That conflict between certainty and its opposite forms the basis of the world premiere of the opera based on John Patrick Shanley’s play and the associated discussion, “The Rhetoric of Certainty” on Wednesday night, January 16th, 7-8:30pm at the Rarig Center in the Stroll Thrust Theater (330 21st Avenue South, Minneapolis). Co-sponsored by the Minnesota Opera and the University of Minnesota’s Humphrey School of Public Affairs, the event explores “the rhetoric and political implications of certainty and the natural human aversion to doubt, particularly in the context of the opera’s setting (Vatican II and the Civil Rights movement) and the war in Iraq.”
Participants in the discussion include librettist and author Shanley; founder/CEO of the online newspaper MinnPost, Joel Kramer; assistant professor of strategic communication at the University of Minnesota’s School of Journalism and Mass Communication, Dr. Heather LaMarre; and moderator Graydon Royce, reporter and theater critic for the Star Tribune. Relating the opera’s conflict to present-day events, their focus will be upon the battle of wills at a Catholic school in the Bronx, circa 1964 between the charismatic and progressive Father Flynn, who tries to loosen the stranglehold of St.

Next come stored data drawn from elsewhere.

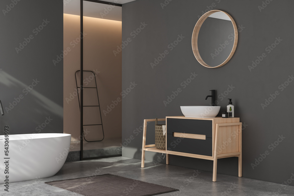 Naklejka na ściany i meble - Modern minimalist bathroom interior, modern bathroom cabinet, white sink, wooden vanity, interior plants, bathroom accessories, bathtub and shower, black and beige walls, concrete floor. 3d rendering.
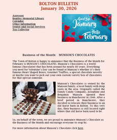 In accordance with the requirements of the CT DEEP General Permit for the Discharge of Stormwater from Small Municipal Separate Storm Sewer Systems, residents of the Town of Bolton are hereby informed that a draft pdf of the 2025 MS4 Stormwater Annual Report, which summarizes municipal stormwater compliance activities conducted within the Town of Bolton during calendar year 2025, will be posted on…
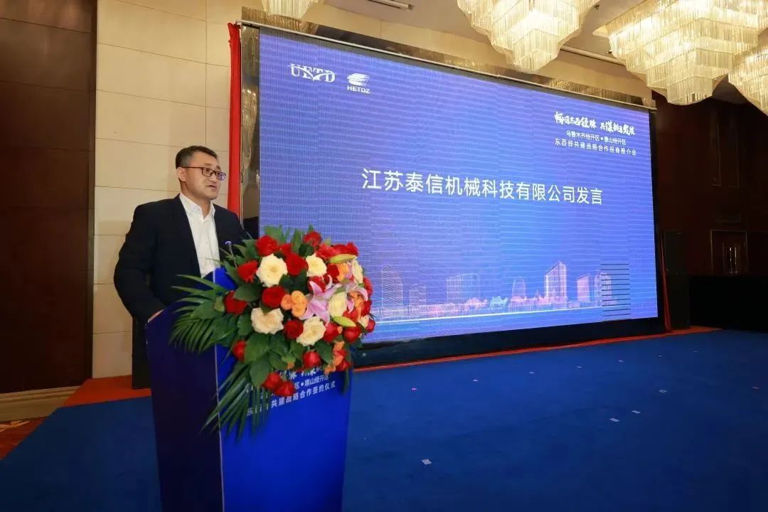 活动现场,多家企业轮番登台推介,江苏泰信机械科技公司董事长辛鹏也现场展示了泰信的雄厚研发和销售实力,经开区(头屯河区)工信局慧眼识英雄,当即拍板与江苏泰信机械科技公司现场签订了投资协议,携手合作开启全新征程。

Nicholas Church School’s strict customs, and its iron-fisted principal, Sister Aloysius Beauvier, who with no proof other than her moral certainty, embarks on a personal crusade to uncover the truth behind the priest’s relationship with an African-American choir boy.

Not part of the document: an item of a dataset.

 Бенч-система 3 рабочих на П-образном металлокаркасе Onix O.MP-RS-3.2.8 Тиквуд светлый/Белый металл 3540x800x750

The Rarig Center event is free and open to the public; however, RSVPs are required and must be made by January 14 online at doubt.eventbrite.com. Though Wednesday’s discussion promises to be an exhaustive and insightful examination of the themes and issues contained in Shanley’s opera, wise attendees also will want to witness its premiere at the Ordway (January 26, 29, 31, February 2-3) before coming to a full determination. Only then can they come to fully appreciate the havoc wrought by Sister Aloysius’ moral certainty.